§ WORK TO BE COMPLETED
Reproduce the records below exactly, but only between the lines holding "- 10 Pre Printed" and "そのため、レンズの倍率を変更するだけで、校正データも自動で切り替わります。", inclusive.

(Recorded data)
━━━━━━━━

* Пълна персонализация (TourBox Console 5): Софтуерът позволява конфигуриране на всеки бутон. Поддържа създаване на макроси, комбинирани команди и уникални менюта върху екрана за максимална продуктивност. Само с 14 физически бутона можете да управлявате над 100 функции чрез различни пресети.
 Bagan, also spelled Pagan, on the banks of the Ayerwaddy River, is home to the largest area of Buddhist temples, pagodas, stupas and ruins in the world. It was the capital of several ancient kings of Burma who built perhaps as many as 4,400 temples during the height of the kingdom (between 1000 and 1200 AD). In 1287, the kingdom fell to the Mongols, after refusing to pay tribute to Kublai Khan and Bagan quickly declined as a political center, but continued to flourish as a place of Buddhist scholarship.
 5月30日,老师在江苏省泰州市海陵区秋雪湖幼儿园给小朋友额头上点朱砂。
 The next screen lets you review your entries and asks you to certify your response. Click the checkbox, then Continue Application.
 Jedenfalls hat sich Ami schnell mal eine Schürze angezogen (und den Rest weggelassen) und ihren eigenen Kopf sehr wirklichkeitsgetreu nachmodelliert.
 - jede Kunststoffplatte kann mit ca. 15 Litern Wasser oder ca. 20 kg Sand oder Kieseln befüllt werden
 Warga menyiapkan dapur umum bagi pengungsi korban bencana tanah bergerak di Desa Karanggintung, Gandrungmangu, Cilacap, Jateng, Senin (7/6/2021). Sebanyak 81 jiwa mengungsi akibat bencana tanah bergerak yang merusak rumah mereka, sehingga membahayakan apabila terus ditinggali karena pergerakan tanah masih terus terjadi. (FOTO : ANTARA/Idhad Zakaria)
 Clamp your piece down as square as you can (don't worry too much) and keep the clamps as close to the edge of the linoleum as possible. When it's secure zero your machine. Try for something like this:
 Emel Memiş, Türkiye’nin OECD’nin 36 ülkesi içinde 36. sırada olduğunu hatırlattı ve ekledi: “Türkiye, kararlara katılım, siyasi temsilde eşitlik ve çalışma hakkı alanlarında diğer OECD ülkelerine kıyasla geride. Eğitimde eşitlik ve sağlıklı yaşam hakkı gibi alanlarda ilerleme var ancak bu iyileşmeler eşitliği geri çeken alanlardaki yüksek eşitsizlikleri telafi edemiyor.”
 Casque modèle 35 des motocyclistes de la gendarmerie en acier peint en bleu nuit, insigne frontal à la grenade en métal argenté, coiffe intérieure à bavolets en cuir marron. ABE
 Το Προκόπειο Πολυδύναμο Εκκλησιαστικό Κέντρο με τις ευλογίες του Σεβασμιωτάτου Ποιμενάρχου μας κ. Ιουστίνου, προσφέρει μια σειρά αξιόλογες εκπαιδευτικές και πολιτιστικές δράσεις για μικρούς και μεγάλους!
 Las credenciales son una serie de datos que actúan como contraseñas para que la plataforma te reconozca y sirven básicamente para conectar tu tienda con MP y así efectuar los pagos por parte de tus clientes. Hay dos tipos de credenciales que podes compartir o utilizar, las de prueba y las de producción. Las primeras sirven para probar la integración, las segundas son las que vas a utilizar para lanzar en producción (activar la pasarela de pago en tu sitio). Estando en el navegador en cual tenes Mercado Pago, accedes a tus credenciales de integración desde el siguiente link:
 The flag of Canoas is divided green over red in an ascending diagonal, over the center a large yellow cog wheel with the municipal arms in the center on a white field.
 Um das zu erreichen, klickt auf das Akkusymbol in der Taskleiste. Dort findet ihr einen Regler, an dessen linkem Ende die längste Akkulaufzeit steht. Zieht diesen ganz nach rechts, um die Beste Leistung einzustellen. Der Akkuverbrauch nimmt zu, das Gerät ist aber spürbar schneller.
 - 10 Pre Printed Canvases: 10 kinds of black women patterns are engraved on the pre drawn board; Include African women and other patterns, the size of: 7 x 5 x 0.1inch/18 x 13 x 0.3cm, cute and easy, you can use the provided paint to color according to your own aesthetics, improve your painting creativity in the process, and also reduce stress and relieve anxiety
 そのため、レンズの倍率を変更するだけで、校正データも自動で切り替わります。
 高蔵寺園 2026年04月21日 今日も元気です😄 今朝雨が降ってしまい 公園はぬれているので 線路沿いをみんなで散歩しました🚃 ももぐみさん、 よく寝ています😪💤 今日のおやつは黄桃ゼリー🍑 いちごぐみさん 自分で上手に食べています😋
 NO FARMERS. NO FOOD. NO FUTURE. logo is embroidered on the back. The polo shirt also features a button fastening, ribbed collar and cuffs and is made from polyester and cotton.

━━━━━━━━

§ FINISHED EXERCISE
 - 10 Pre Printed Canvases: 10 kinds of black women patterns are engraved on the pre drawn board; Include African women and other patterns, the size of: 7 x 5 x 0.1inch/18 x 13 x 0.3cm, cute and easy, you can use the provided paint to color according to your own aesthetics, improve your painting creativity in the process, and also reduce stress and relieve anxiety
 そのため、レンズの倍率を変更するだけで、校正データも自動で切り替わります。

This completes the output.